Preserve provas da origem dos bens particulares. Se você recebeu herança, doação ou adquiriu bens antes do casamento, mantenha documentação que comprove a origem.

Busque assessoria jurídica especializada desde o início. A orientação de um advogado com experiência em direito de família e planejamento patrimonial é determinante para evitar perdas.

Quando procurar um advogado especializado

A partilha de bens exige conhecimento técnico aprofundado e sensibilidade para lidar com as particularidades de cada situação. A atuação de um advogado especializado é indispensável quando há patrimônio relevante ou complexo envolvido, quando existem divergências entre os cônjuges, quando há suspeita de ocultação patrimonial, ou quando o casal deseja realizar a partilha de forma consensual e extrajudicial com segurança jurídica.

Conclusão

A partilha de bens é um dos capítulos mais importantes do encerramento de uma relação conjugal. Compreender com clareza o que deve ser dividido e o que permanece como patrimônio exclusivo é o primeiro passo para atravessar esse momento com segurança, equilíbrio e respeito aos seus direitos.

O Código Civil brasileiro oferece regras claras, e a jurisprudência dos tribunais superiores tem consolidado entendimentos relevantes sobre temas modernos como previdência privada, FGTS e criptomoedas. No entanto, cada caso possui particularidades que exigem análise individualizada e orientação especializada.

Se você está enfrentando ou se preparando para uma partilha de bens, não tome decisões sem antes compreender plenamente os seus direitos. A proteção do seu patrimônio começa com informação de qualidade e acompanhamento jurídico estratégico.

Perguntas frequentes sobre partilha de bens

O que entra na partilha de bens no divórcio?

Na comunhão parcial, entram na partilha todos os bens adquiridos a título oneroso durante o casamento, incluindo imóveis, veículos, investimentos, saldo do FGTS depositado na constância da união e previdência privada do tipo PGBL.

Herança recebida durante o casamento deve ser dividida?

Não. Bens recebidos por herança ou doação são considerados particulares e não se comunicam, independentemente de terem sido recebidos durante o casamento, conforme o artigo 1.659, inciso I, do Código Civil.
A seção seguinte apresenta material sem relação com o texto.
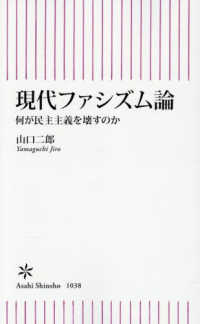 ファシズムへの底流にある「閉塞感」の正体を解く。崩壊の危機に瀕し、ファシズムへ接近する戦後の民主政治。対立と分断、深刻な格差、デマと差別、歴史修正、ポピュリズム…現代の政治状況のどこが過去のファシズムと重なり、異なるのか。1990年代以降のグローバル化や情報革命がもたらした亀裂とは。第2次世界大戦後に形成された民主主義の前提を振り返るとともに、現代版のファシズムに対抗する術を徹底検証する。
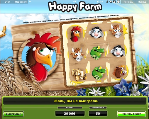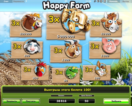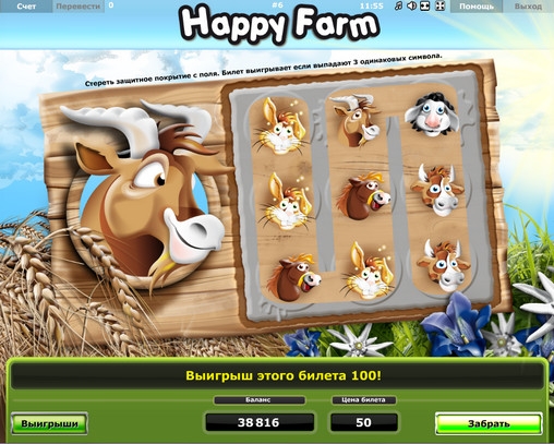 В игре Happy Farm нет ничего замысловатого. Она дает возможность быстро и в простой форме испытать удачу и претендовать на крупные выплаты. К тому же, модель русифицирована, что очень удобно. Также радует очень красочная 3D-графика. В общем, запускайте скрэтч-карту Happy Farm, и сами все увидите.

Criptomoedas entram na partilha de bens?

Sim, quando adquiridas durante o casamento. A jurisprudência tem aplicado às criptomoedas as mesmas regras dos demais bens móveis, sendo o valor de referência aquele apurado na data do divórcio.

O FGTS deve ser dividido na partilha?

Sim. O Superior Tribunal de Justiça consolidou o entendimento de que o saldo do FGTS depositado durante a constância do casamento ou da união estável deve ser partilhado, ainda que o saque não tenha sido realizado.
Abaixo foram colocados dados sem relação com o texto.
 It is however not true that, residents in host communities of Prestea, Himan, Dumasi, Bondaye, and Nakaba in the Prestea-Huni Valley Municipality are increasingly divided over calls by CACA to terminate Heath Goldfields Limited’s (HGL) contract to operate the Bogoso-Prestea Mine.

A previdência privada entra na partilha?

Depende do tipo. O PGBL, por ter natureza de investimento, é partilhável. O VGBL, por sua natureza securitária, tem sido excluído da partilha pela jurisprudência majoritária.

Bens adquiridos antes do casamento devem ser divididos?
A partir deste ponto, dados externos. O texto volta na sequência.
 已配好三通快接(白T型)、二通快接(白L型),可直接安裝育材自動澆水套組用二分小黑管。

Não. Na comunhão parcial, os bens anteriores ao casamento são considerados particulares e permanecem como patrimônio exclusivo de quem os adquiriu.

Acordo de partilha feito por documento particular tem validade?

Não. O STJ já decidiu que a partilha de bens deve ser formalizada por escritura pública ou por decisão judicial, sendo inválida a divisão feita por instrumento particular.

Os frutos dos bens particulares entram na partilha?

Sim. Os rendimentos gerados por bens particulares durante o casamento, como aluguéis e dividendos, comunicam-se e integram o patrimônio comum sujeito à partilha.